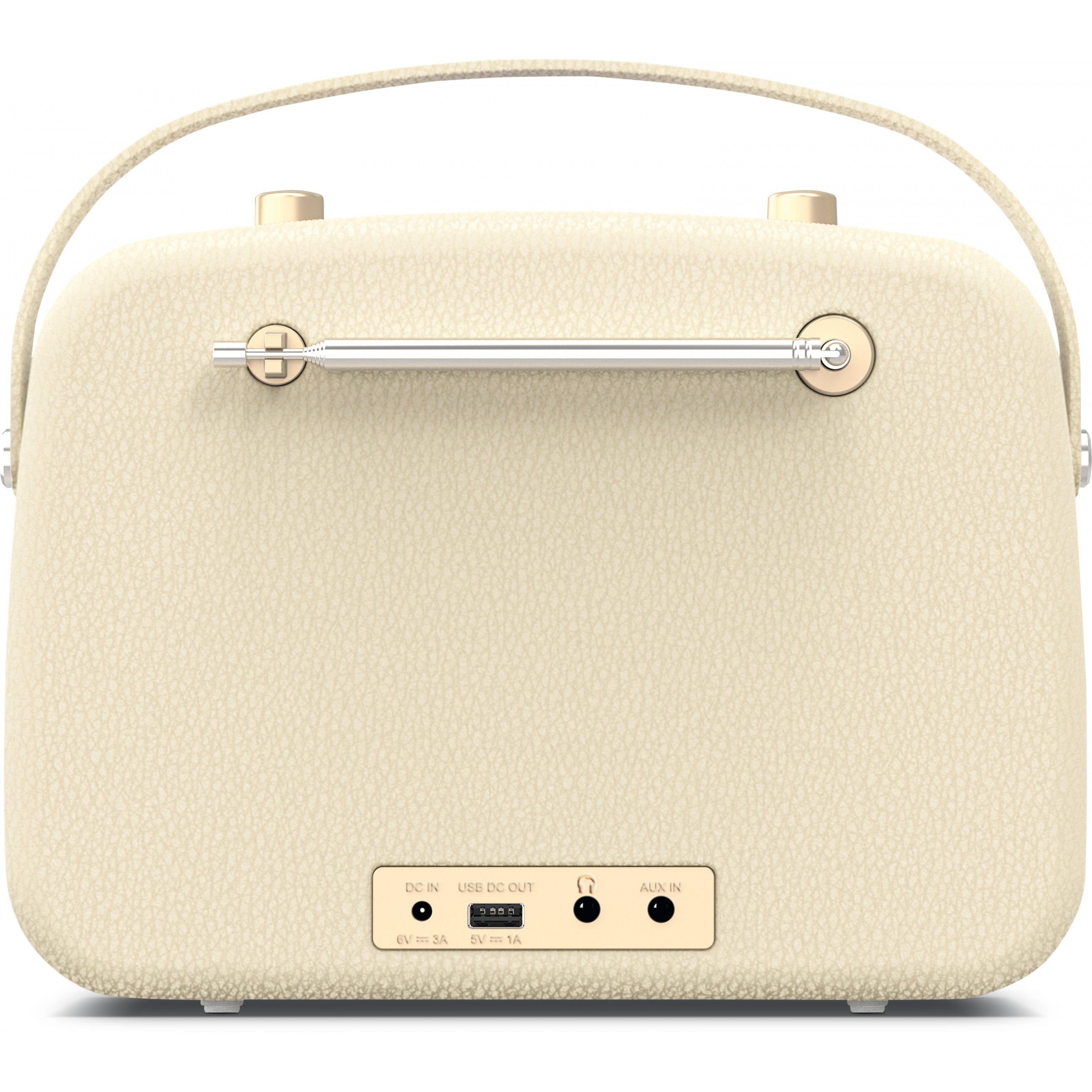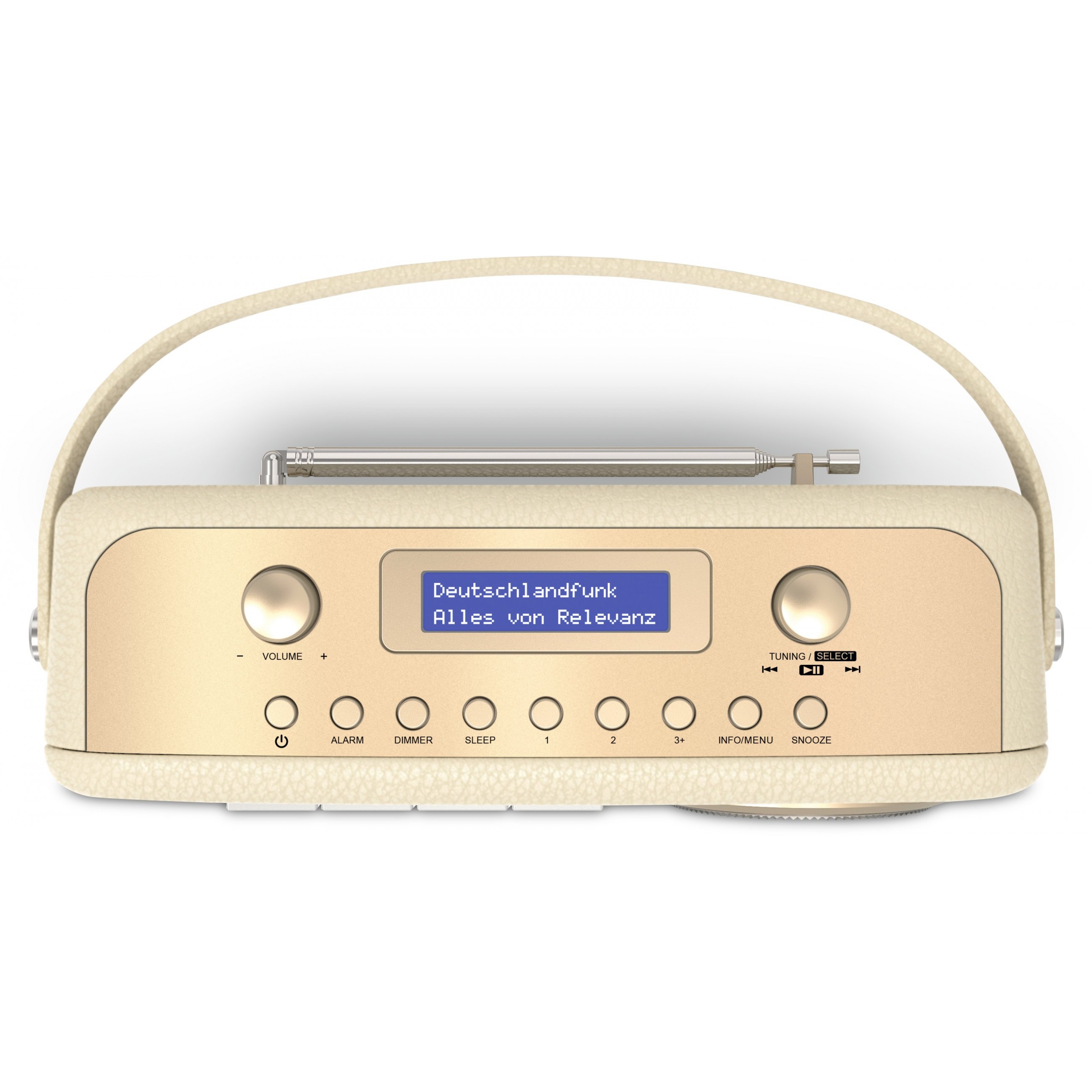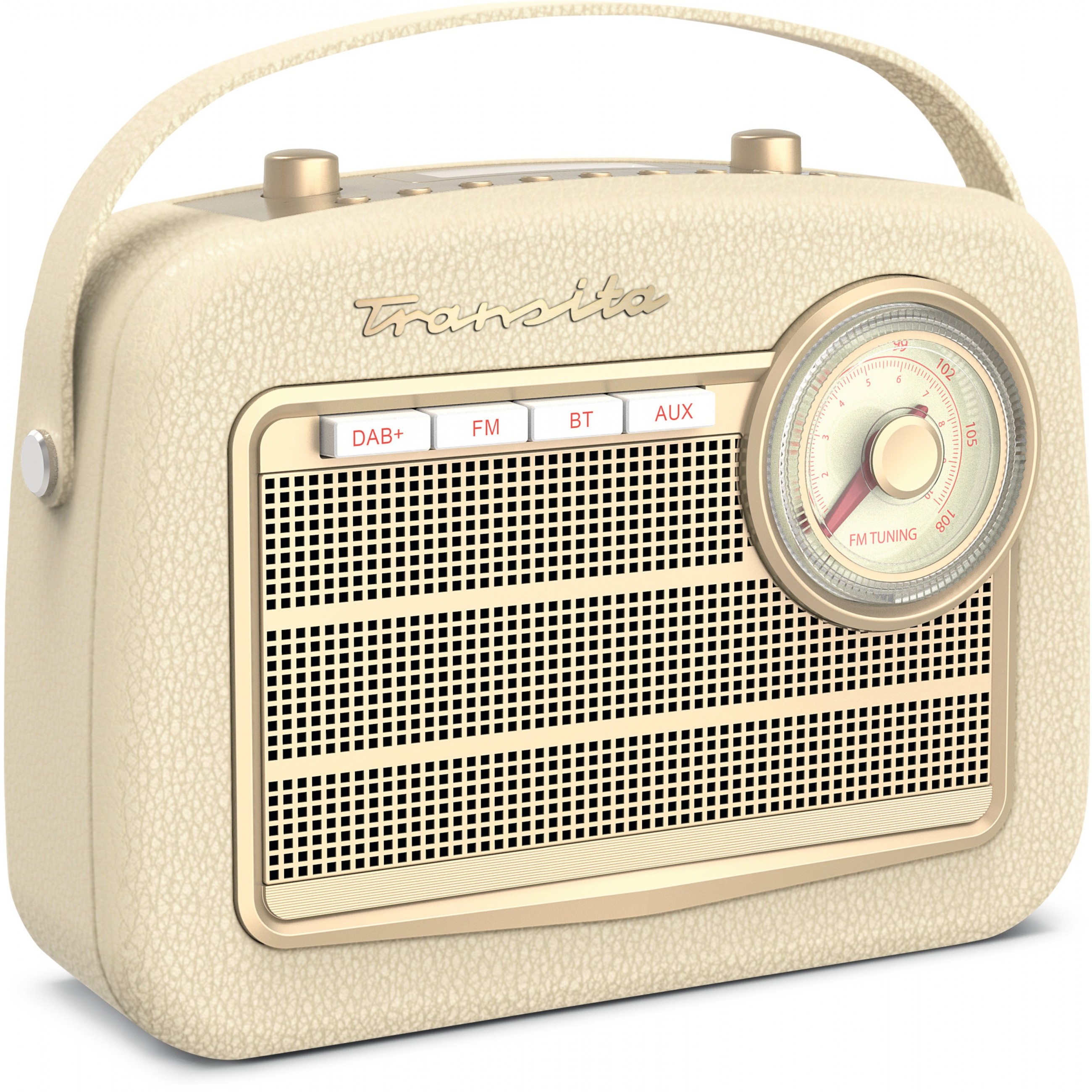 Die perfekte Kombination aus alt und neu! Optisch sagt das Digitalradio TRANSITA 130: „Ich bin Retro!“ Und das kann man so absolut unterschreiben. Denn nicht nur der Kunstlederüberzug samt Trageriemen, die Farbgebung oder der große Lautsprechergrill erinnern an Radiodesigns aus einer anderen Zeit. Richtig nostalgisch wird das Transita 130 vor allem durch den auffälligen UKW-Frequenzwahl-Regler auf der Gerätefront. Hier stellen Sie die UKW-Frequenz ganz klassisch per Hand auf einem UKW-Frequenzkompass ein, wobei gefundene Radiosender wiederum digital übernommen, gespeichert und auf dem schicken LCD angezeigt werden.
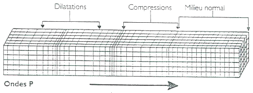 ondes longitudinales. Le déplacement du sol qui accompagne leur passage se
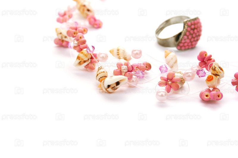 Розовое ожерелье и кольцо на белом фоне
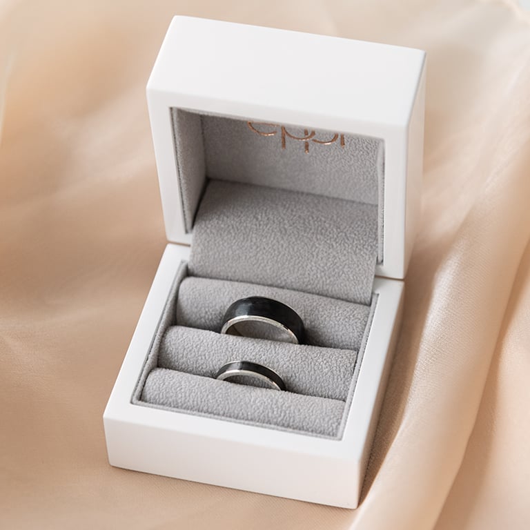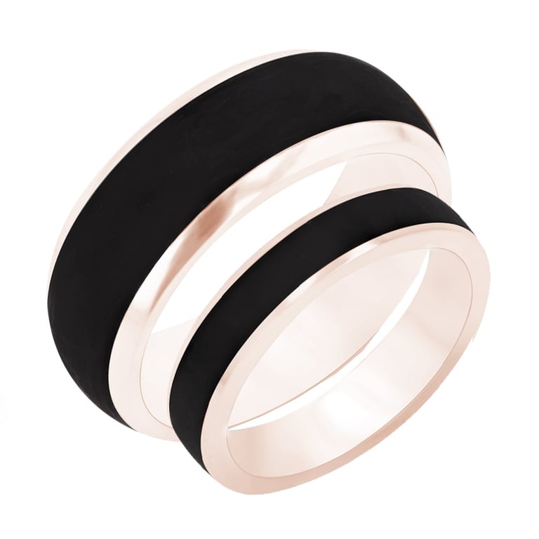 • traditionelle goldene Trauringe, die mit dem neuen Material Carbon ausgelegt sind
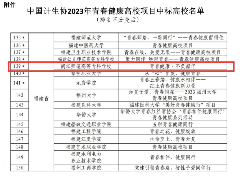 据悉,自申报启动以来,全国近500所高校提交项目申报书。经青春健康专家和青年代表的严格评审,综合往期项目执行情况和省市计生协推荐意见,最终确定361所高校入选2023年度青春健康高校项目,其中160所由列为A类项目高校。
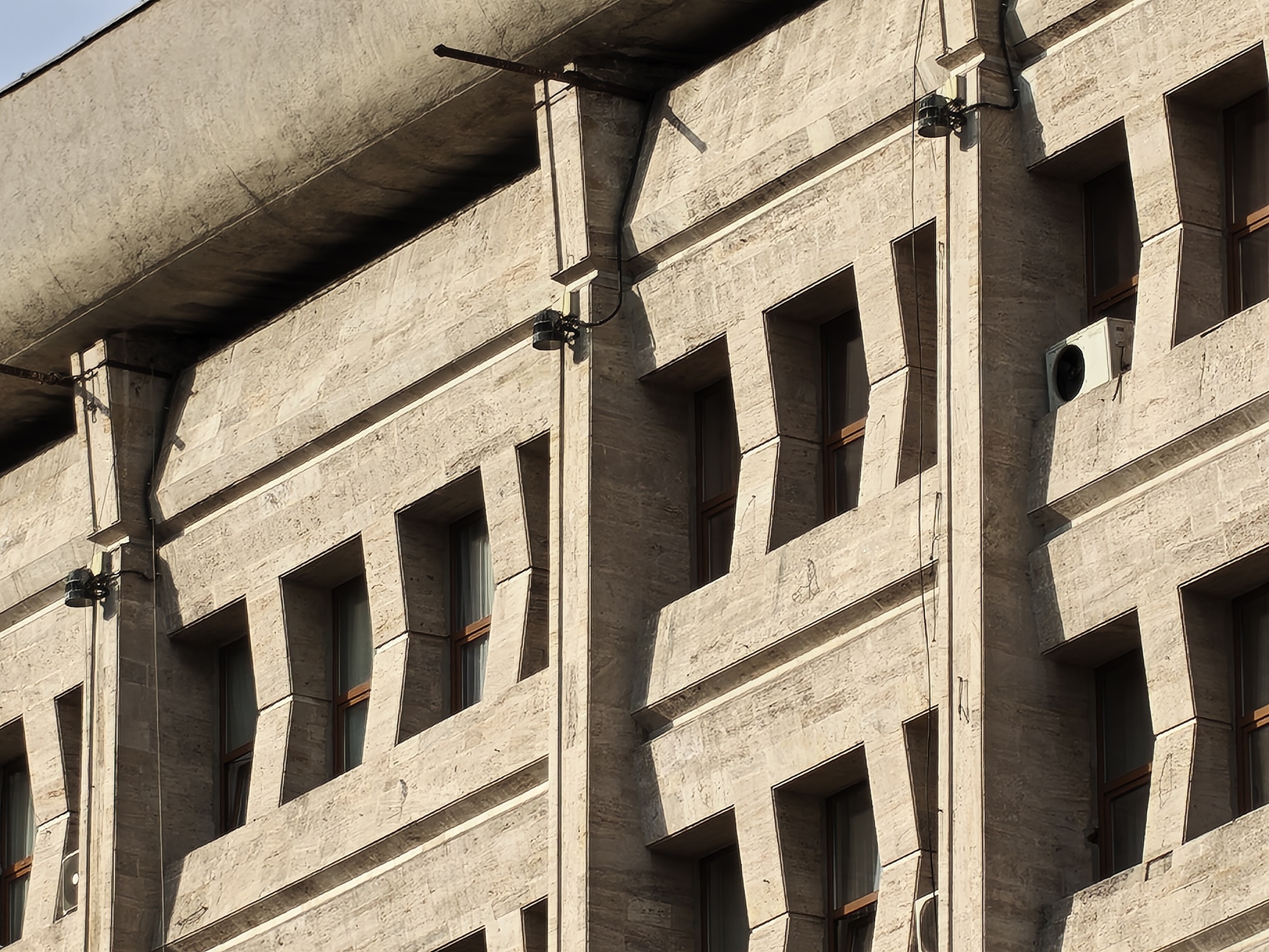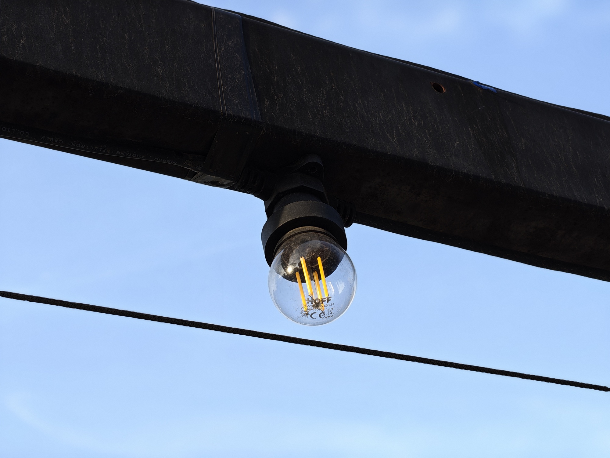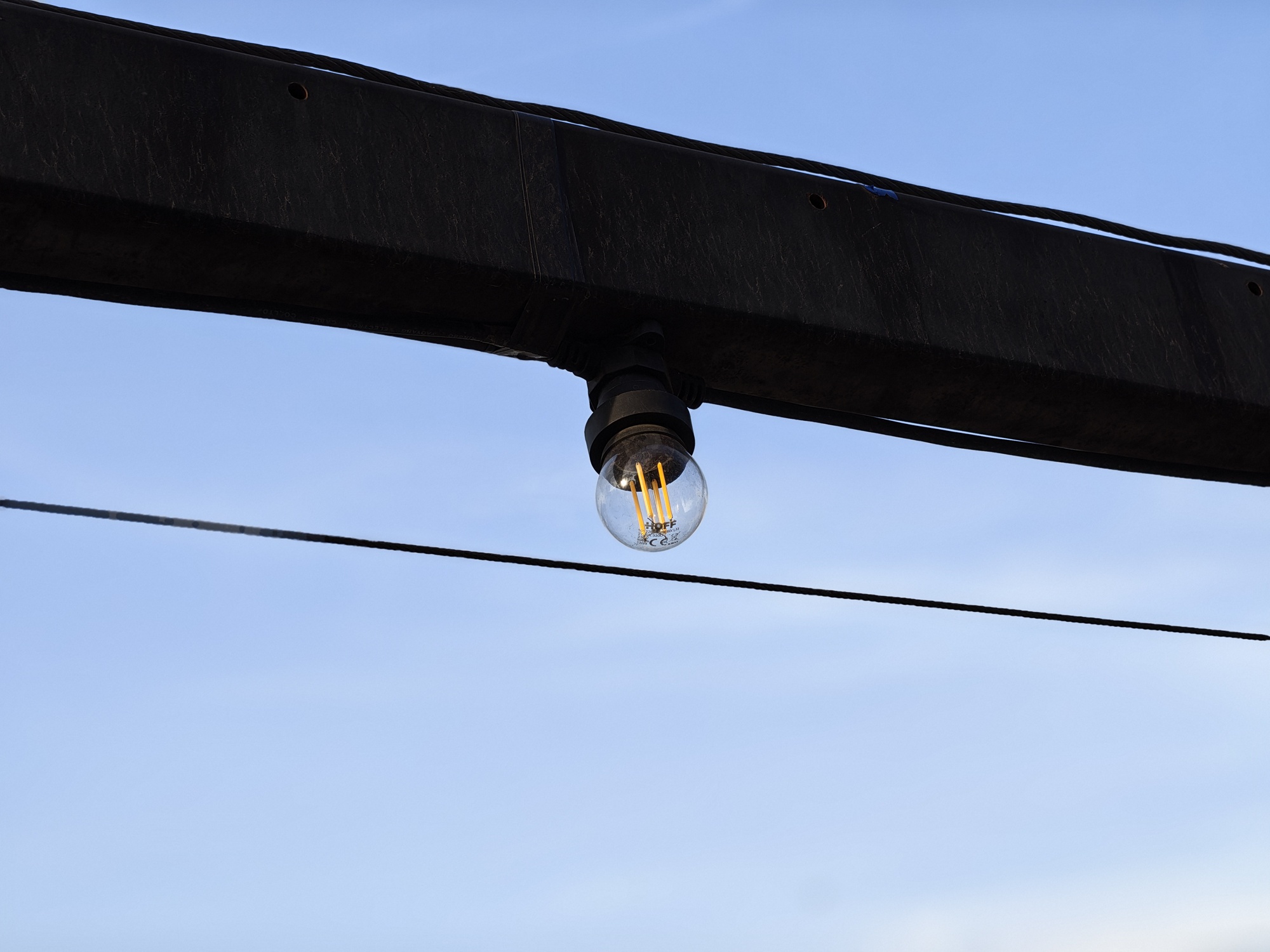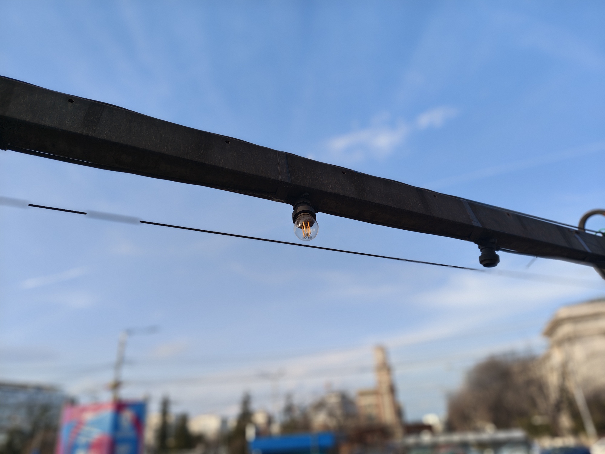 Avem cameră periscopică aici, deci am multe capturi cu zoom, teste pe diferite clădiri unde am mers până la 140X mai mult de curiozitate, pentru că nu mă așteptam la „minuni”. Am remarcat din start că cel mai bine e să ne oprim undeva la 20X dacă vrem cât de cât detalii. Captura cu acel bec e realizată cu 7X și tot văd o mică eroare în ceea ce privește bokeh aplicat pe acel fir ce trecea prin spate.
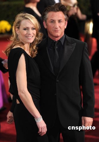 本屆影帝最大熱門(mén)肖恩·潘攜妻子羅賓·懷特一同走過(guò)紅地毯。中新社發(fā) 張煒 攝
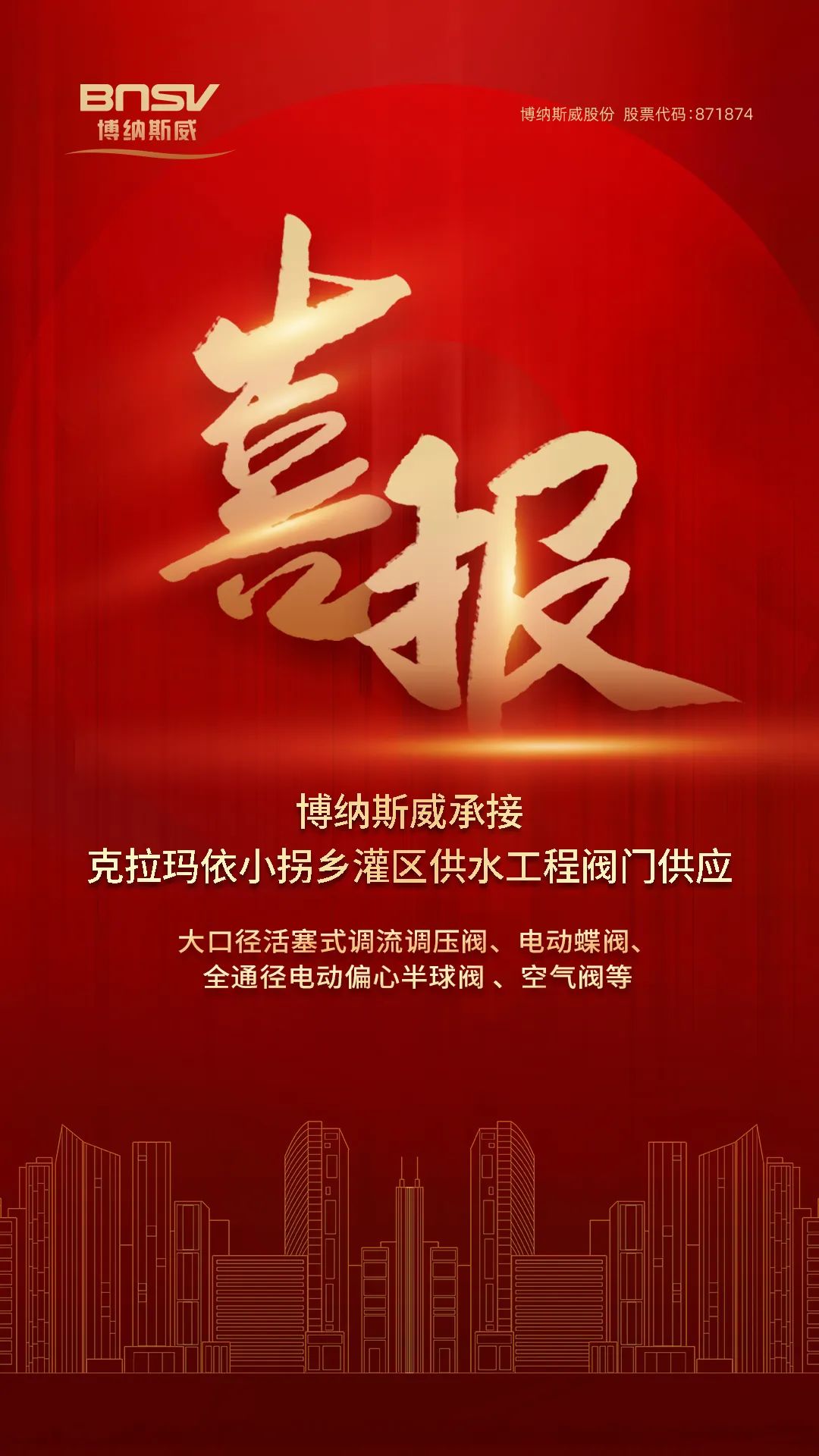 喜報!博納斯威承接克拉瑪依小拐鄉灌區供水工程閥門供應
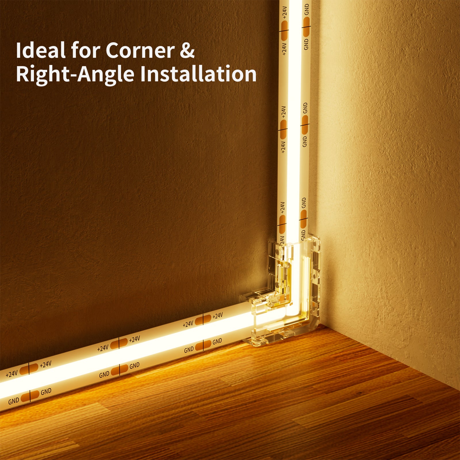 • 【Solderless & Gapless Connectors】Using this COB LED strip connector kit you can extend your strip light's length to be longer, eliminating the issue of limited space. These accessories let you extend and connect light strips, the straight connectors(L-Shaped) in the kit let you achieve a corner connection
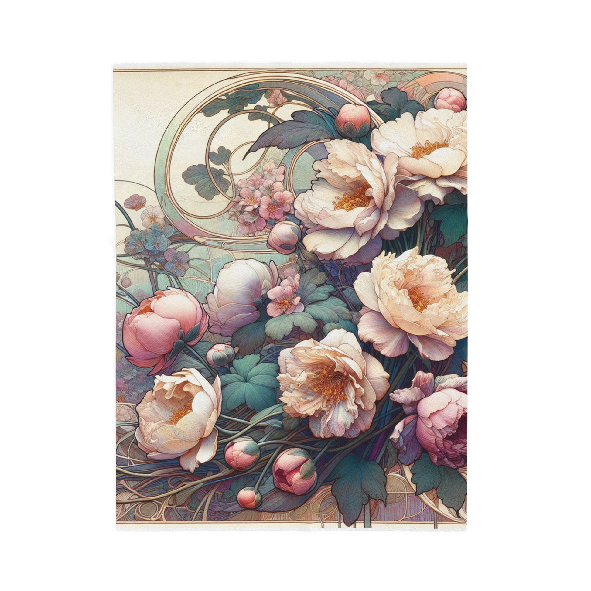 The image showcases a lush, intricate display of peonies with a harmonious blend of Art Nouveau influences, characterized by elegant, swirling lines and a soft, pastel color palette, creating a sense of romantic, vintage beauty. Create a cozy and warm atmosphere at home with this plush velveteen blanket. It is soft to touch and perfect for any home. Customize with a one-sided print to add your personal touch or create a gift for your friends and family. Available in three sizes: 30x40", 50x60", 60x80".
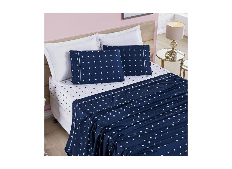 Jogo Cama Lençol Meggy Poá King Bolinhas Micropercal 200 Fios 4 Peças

################

The problem -
All that should be printed is the run of lines above from the one with "喜報!博納斯威承接克拉瑪依小拐鄉灌區供水工程閥門供應" through the one with "a corner connection", both included, exactly as given, with pictures left out.

Answer for the task -
 喜報!博納斯威承接克拉瑪依小拐鄉灌區供水工程閥門供應
 • 【Solderless & Gapless Connectors】Using this COB LED strip connector kit you can extend your strip light's length to be longer, eliminating the issue of limited space. These accessories let you extend and connect light strips, the straight connectors(L-Shaped) in the kit let you achieve a corner connection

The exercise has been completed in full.